The implementation of power functions includes square roots.

x              = rand(1_000_000)
calculation(a) = sqrt(a)

function foo(x)
    output     = similar(x)
    
    for i in eachindex(x)
        output[i] = calculation(x[i])
    end

    return output
end
Output in REPL
julia>
@ctime foo($x)
  1.232 ms (2 allocations: 7.629 MiB)
x              = rand(1_000_000)
calculation(a) = sqrt(a)

function foo(x)
    output     = similar(x)
    
    @inbounds @simd for i in eachindex(x)
        output[i] = calculation(x[i])
    end

    return output
end
Output in REPL
julia>
@ctime foo($x)
  1.231 ms (2 allocations: 7.629 MiB)
x              = rand(1_000_000)
calculation(a) = sqrt(a)

function foo(x)
    output     = similar(x)
    
    @turbo for i in eachindex(x)
        output[i] = calculation(x[i])
    end

    return output
end
Output in REPL
julia>
@ctime foo($x)
  614.203 μs (2 allocations: 7.629 MiB)
x              = rand(1_000_000)
calculation(a) = sqrt(a)

foo(x) = @turbo calculation.(x)
Output in REPL
julia>
@ctime foo($x)
  614.241 μs (2 allocations: 7.629 MiB)

Trigonometric Functions

Among others, it includes sin, cos, and tan. Below, we demonstrate it by sin.

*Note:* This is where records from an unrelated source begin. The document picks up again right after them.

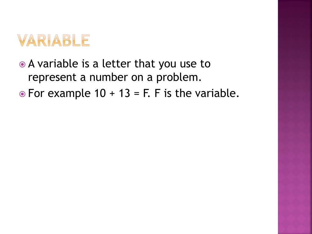 Variable • A variable is a letter that you use to represent a number on a problem. • For example 10 + 13 = F. F is the variable.
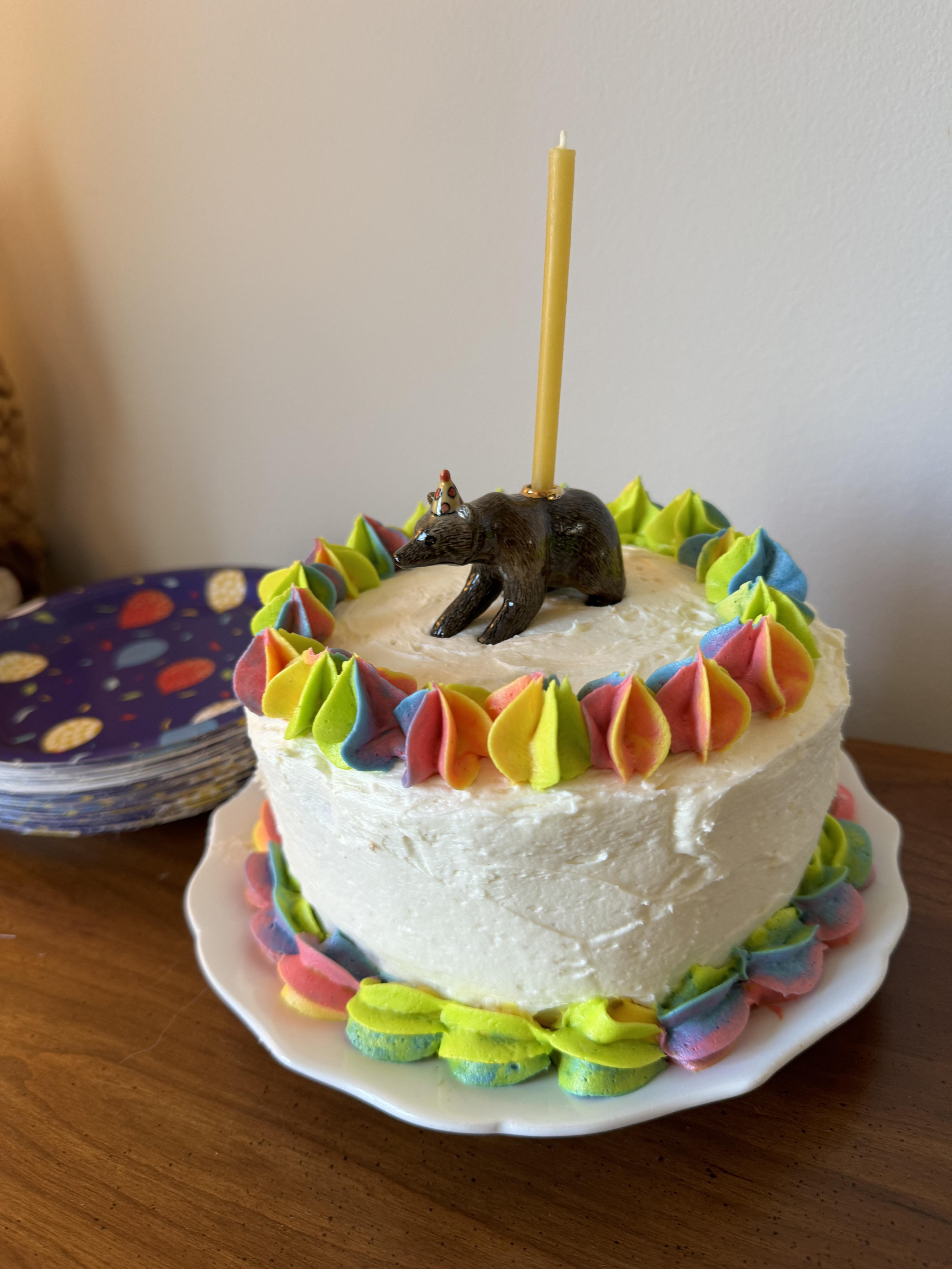 It’s not the most intricate or technical thing I’ve done, but I’m happy with it!by SmutWithClass 3 Comments Pumpernickel247 11 months ago I love it! Where did you get that cake topper? Therealladyboneyard 11 months ago This is so cute!! Felicity110 11 months ago Does candle go all through the bear to keep balance. How did you get rainbow colorsWrite A CommentYou must be logged in to post a comment.
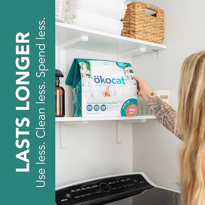 - UNSCENTED NATURAL CAT LITTER WITH OKO+ ODOR-BLOCKING POWER: okocat next-generation, plant-based, multi-cat premium wood clumping cat litter with oko+ has even more odor-blocking power using naturally formulated patented technology designed to combat unwanted stink, from urine to doo-doo too, while being exceptionally absorbent and naturally lightweight for added convenience and cleanliness
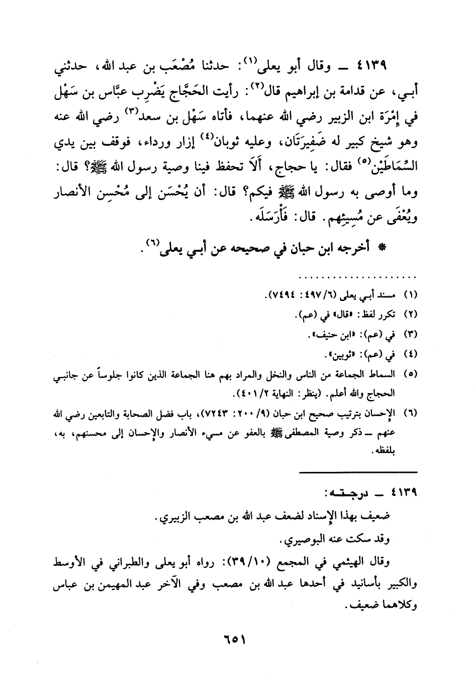 4139 - وَقَالَ أَبُو يَعْلَى: حدثنا مُصْعَبُ بْنُ عَبْدِ اللَّهِ، حَدَّثَنِي أَبِي، عَنْ قُدَامَةَ بْنِ إِبْرَاهِيمَ قَالَ: رَأَيْتُ الْحَجَّاجَ يَضْرِبُ عَبَّاسَ بْنَ سهل في إمرة ابْنِ الزبير رَضِيَ الله عَنْهما، فَأَتَاهُ سَهْلُ بْنُ سَعْدٍ رَضِيَ الله عَنْه وَهُوَ شَيْخٌ كَبِيرٌ لَهُ ضَفِيرَتَانِ، وَعَلَيْهِ ثَوْبَانِ إِزَارٌ وَرِدَاءٌ، فوقف بين يدي السِّمَاطَيْنِ فَقَالَ: يَا حَجَّاجُ، أَلَا تَحْفَظُ فِينَا وَصِيَّةَ رَسُولِ اللَّهِ صَلَّى اللَّهُ عَلَيْهِ وَسَلَّمَ؟ قَالَ: وَمَا أَوْصَى بِهِ رَسُولُ اللَّهِ صَلَّى اللَّهُ عَلَيْهِ وَسَلَّمَ فِيكُمْ؟ قَالَ: أَنْ §يُحْسَنَ إِلَى مُحْسِنِ الْأَنْصَارِ وَيُعْفَى عَنْ مُسِيئِهِمْ. قَالَ: فَأَرْسَلَهُ.
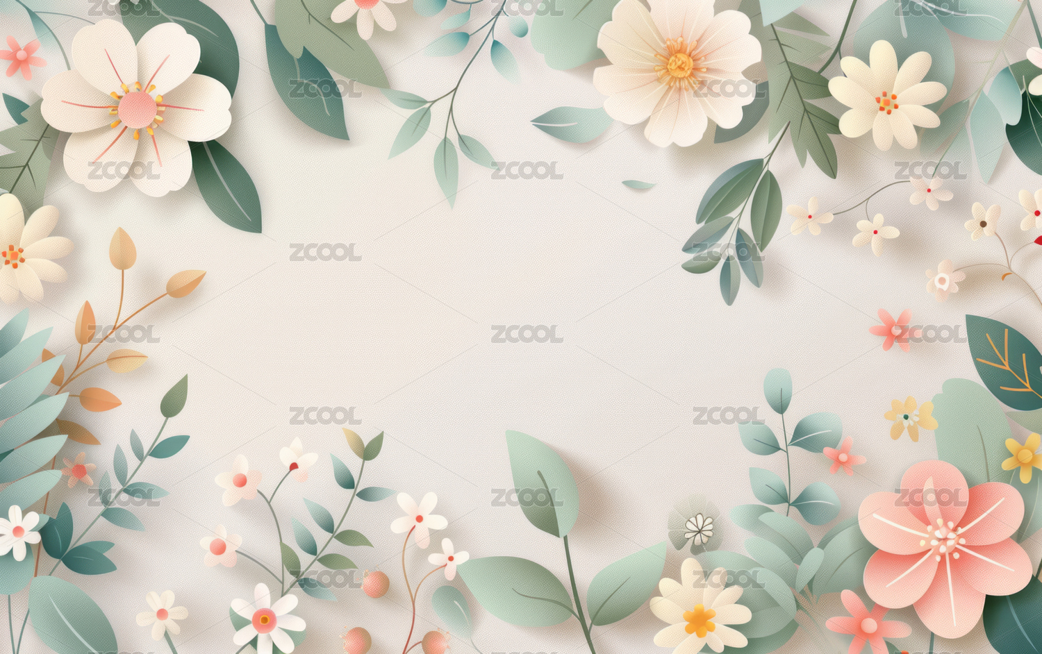 白底鲜花边框背景
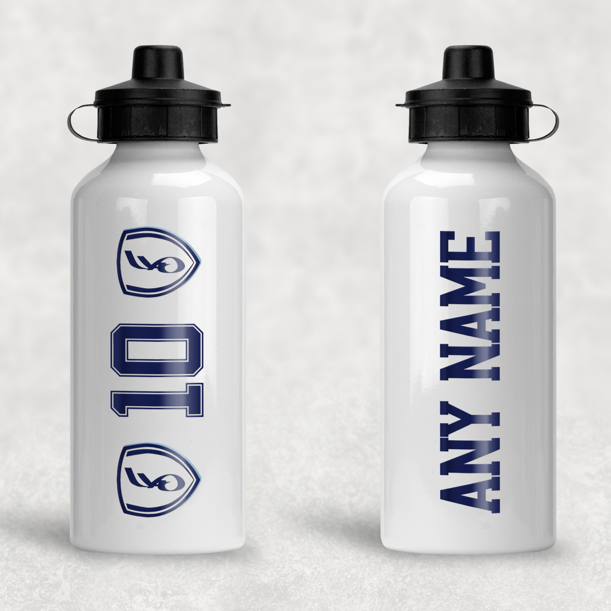 We have our 600ml Sports bottle which is available in a Silver or White bottle with any wording or image you would like added to it.
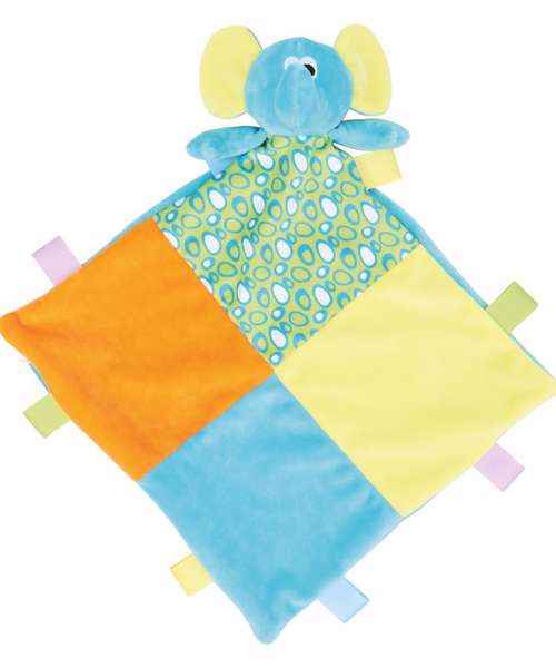 This multi-coloured elephant comforter with internal rattle will be a favourite for any child. It has a bright blanket with patchwork panels and fabric tabs and zip access on the comforter to allow for direct access to print or embroider. Complies with EN71 European Toy Safety regulations. Remove all hang tags and their fasteners before giving these items to a child. Suitable for all ages.
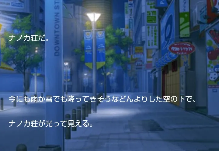 ここで既に、「ナノカ荘周辺」と「外」は違う次元にあることを暗示したかったらしいよ
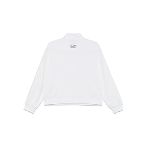 white front zip fastening two front flap pockets ribbed cuffs and hem long sleeves Logo zipped sweatshirt Size and Fit - This piece fits true to size. We recommend you get your regular size. Model is 1,75m / 5ft 8in wearing size S
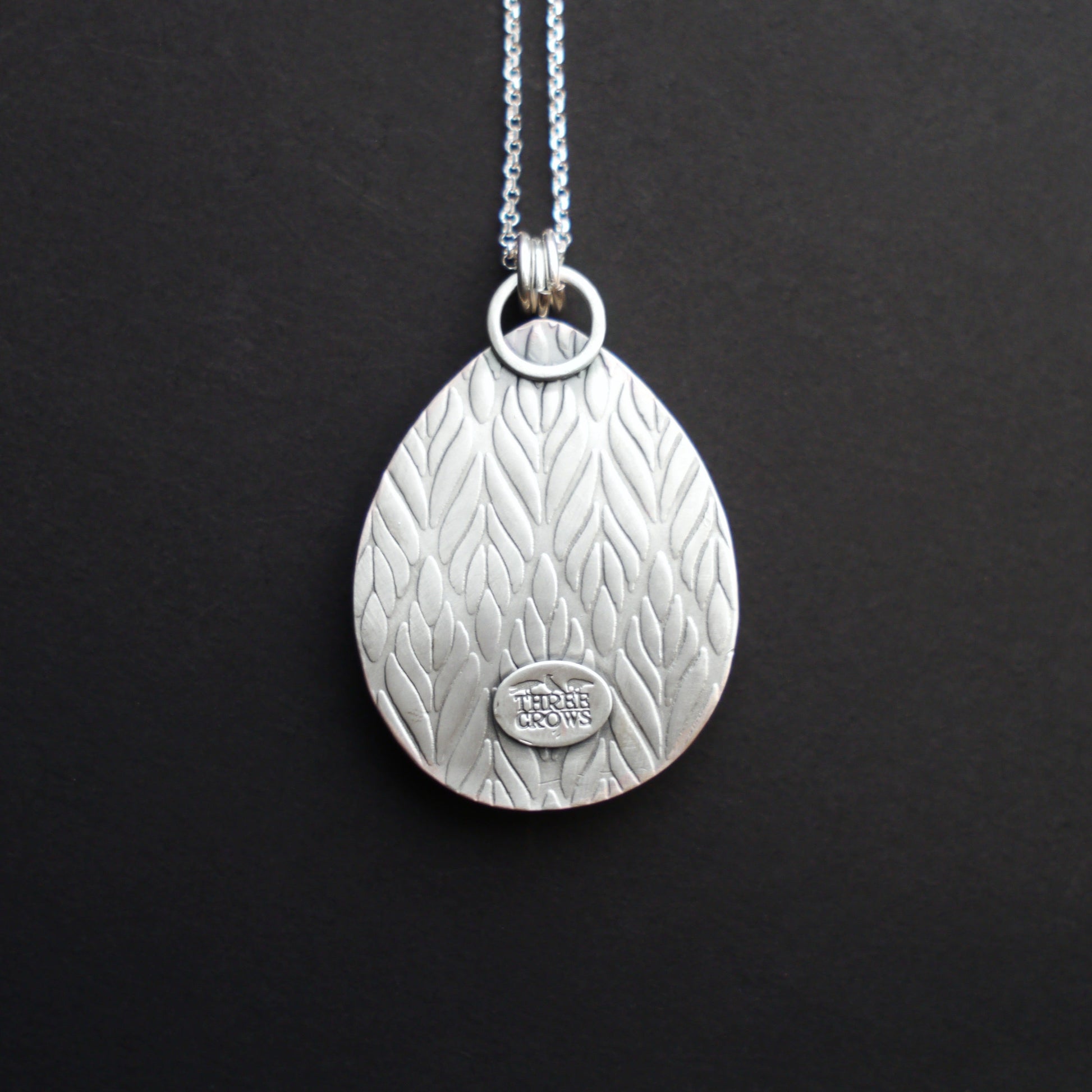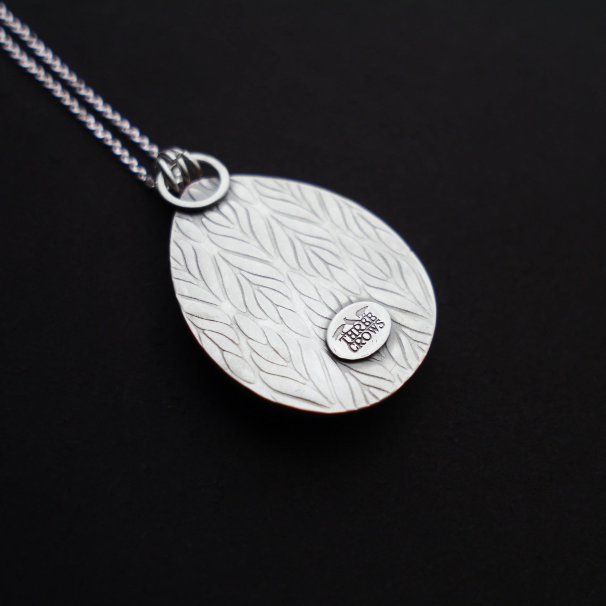 The pendant's night sky is complemented by the enchanting cool flash of labradorite, adding a touch of mystique to its beauty. Turn the pendant around to discover a delicately embellished leaf texture and a charming logo plate.
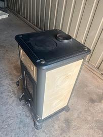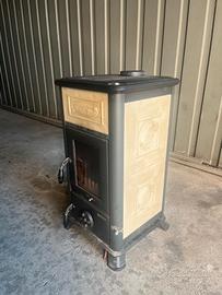 Stufa ricoperta con piastrelle di maiolica, Dimensioni: altezza circa 110 cm. fornita con i tubi color nero. Si trovava nella sala da pranzo di una villa prestigiosa. Perfettamene funzionante. E' un piacere vedere il ceppo che arde.
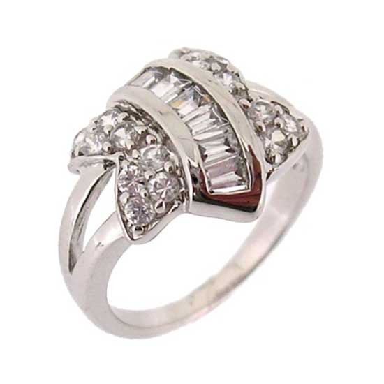 Showcased is an 18K gold ring with a fork-like band. The charm features an angular design, embedded with lustrous cubic zirconia stones with an emerald and round cut. Shining with incredible charm, this 18K gold ring makes everyday a reason to celebrate.
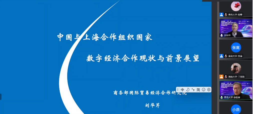 刘华芹所长从“合作现状”、“存在问题”和“前景展望”三方面系统阐释了中国与上合组织国家数字经济合作的现实情况,并针对数字电商、智能制造等8个领域分析了中国与上合组织国家经贸合作的潜力空间,在中国与上合组织国家经贸合作存在的问题方面,刘所长强调了“标准”的重要性,为未来进一步发展中国与上合组织国家间高质量合作提供了非常有价值的视角。
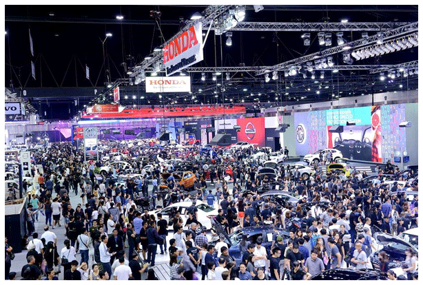 .......ส่วนรถยนต์ทั่วไป 5 อันดับยอดจองสูงสุด ได้แก่ อันดับ 1 TOYOTA 5,124 คัน อันดับ 2 HONDA 4,902 คัน อันดับ 3 ISUZU 3,620 คัน อันดับ 4 MAZDA 3,434 คัน และอันดับ 5 FORD 2,441 คัน .......ด้านราคาเฉลี่ยรถที่ขายได้ในงานปรับเพิ่มขึ้นเป็น 1,177,393 บาท เนื่องจากปีนี้ผู้บริโภคให้ความสนใจรถเก๋งหรู รถเอสยูวี และรถกระบะ เพิ่มมากขึ้น ทำให้เงินหมุนเวียนภายในงานปีนี้อยู่ที่ 45,000 ล้านบาท ผู้เข้าชมงานจำนวน 1,191,718 คน ลดลง 19.3% |

x              = rand(1_000_000)
calculation(a) = sin(a)

function foo(x)
    output     = similar(x)
    
    for i in eachindex(x)
        output[i] = calculation(x[i])
    end

    return output
end
Output in REPL
julia>
@ctime foo($x)
  3.841 ms (2 allocations: 7.629 MiB)
x              = rand(1_000_000)
calculation(a) = sin(a)

function foo(x)
    output     = similar(x)
    
    @inbounds @simd for i in eachindex(x)
        output[i] = calculation(x[i])
    end

    return output
end
Output in REPL
julia>
@ctime foo($x)
  3.767 ms (2 allocations: 7.629 MiB)
x              = rand(1_000_000)
calculation(a) = sin(a)

function foo(x)
    output     = similar(x)
    
    @turbo for i in eachindex(x)
        output[i] = calculation(x[i])
    end

    return output
end
Output in REPL
julia>
@ctime foo($x)
  1.386 ms (2 allocations: 7.629 MiB)
x              = rand(1_000_000)
calculation(a) = sin(a)

foo(x) = @turbo calculation.(x)
Output in REPL
julia>
@ctime foo($x)
  1.384 ms (2 allocations: 7.629 MiB)